:: Material supplied ::
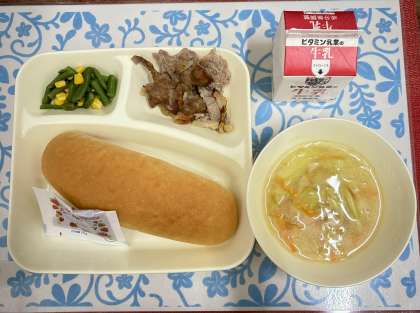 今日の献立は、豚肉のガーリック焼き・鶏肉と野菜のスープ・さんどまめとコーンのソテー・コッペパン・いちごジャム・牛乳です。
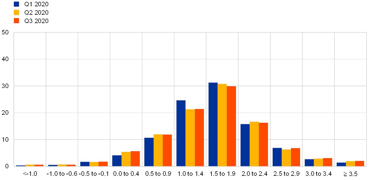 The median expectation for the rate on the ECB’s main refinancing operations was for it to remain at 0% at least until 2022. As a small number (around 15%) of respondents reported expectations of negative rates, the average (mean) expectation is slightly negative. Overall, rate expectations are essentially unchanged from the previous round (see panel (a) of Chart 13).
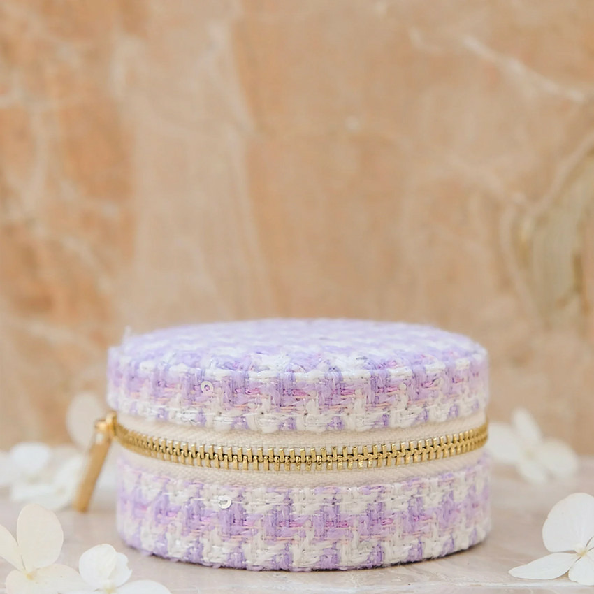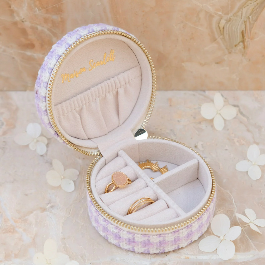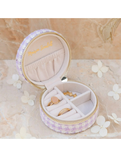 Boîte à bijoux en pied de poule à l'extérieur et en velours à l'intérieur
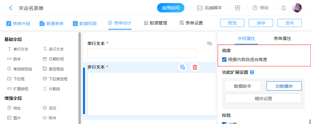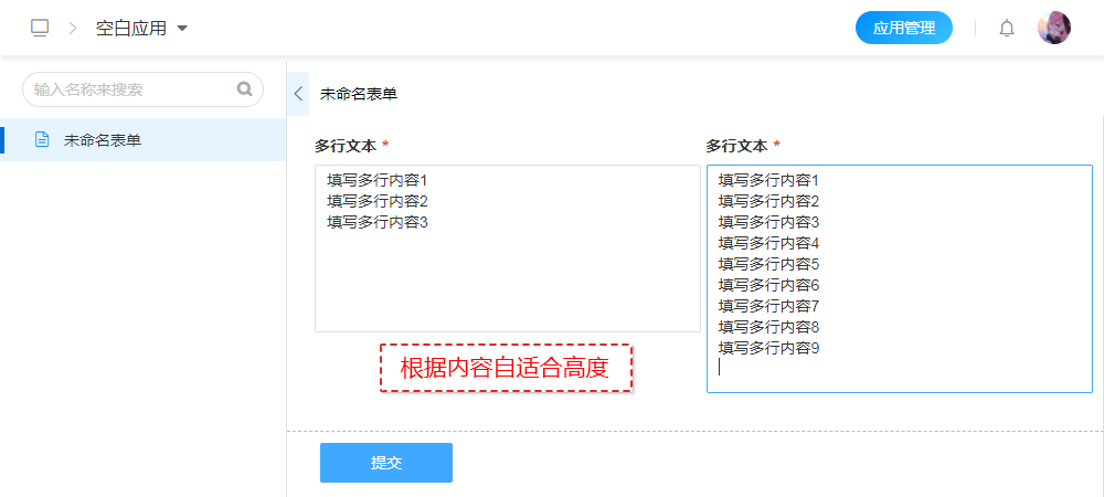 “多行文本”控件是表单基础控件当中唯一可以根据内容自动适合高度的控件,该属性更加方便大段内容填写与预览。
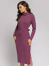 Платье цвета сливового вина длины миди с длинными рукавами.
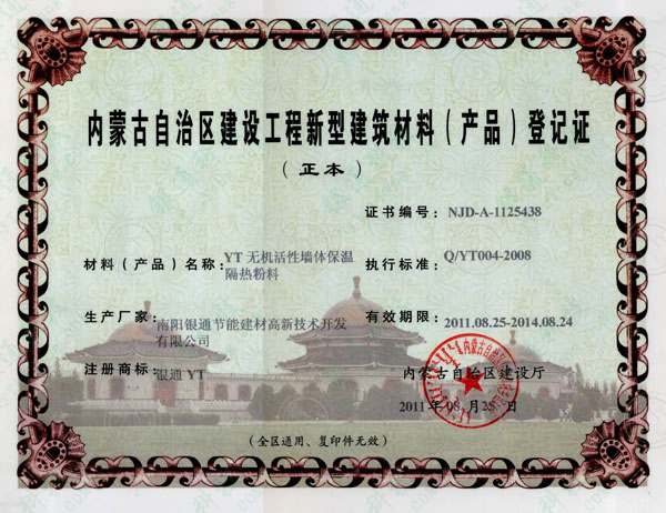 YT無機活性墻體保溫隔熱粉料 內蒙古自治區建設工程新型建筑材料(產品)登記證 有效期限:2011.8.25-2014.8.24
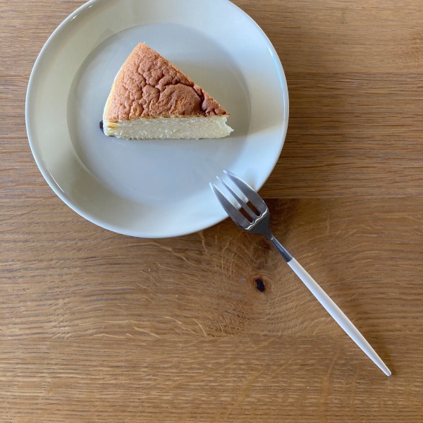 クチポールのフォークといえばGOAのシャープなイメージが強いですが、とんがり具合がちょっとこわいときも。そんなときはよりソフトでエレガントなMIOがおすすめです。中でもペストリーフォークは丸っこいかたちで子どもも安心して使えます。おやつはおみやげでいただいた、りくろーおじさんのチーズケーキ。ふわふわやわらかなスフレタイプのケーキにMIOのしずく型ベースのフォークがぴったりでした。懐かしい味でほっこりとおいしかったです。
:::
Action item: Would you write out all of the data exactly as it stands, without the pictures?

Your response:
 今日の献立は、豚肉のガーリック焼き・鶏肉と野菜のスープ・さんどまめとコーンのソテー・コッペパン・いちごジャム・牛乳です。
 The median expectation for the rate on the ECB’s main refinancing operations was for it to remain at 0% at least until 2022. As a small number (around 15%) of respondents reported expectations of negative rates, the average (mean) expectation is slightly negative. Overall, rate expectations are essentially unchanged from the previous round (see panel (a) of Chart 13).
 Boîte à bijoux en pied de poule à l'extérieur et en velours à l'intérieur
 “多行文本”控件是表单基础控件当中唯一可以根据内容自动适合高度的控件,该属性更加方便大段内容填写与预览。
 Платье цвета сливового вина длины миди с длинными рукавами.
 YT無機活性墻體保溫隔熱粉料 內蒙古自治區建設工程新型建筑材料(產品)登記證 有效期限:2011.8.25-2014.8.24
 クチポールのフォークといえばGOAのシャープなイメージが強いですが、とんがり具合がちょっとこわいときも。そんなときはよりソフトでエレガントなMIOがおすすめです。中でもペストリーフォークは丸っこいかたちで子どもも安心して使えます。おやつはおみやげでいただいた、りくろーおじさんのチーズケーキ。ふわふわやわらかなスフレタイプのケーキにMIOのしずく型ベースのフォークがぴったりでした。懐かしい味でほっこりとおいしかったです。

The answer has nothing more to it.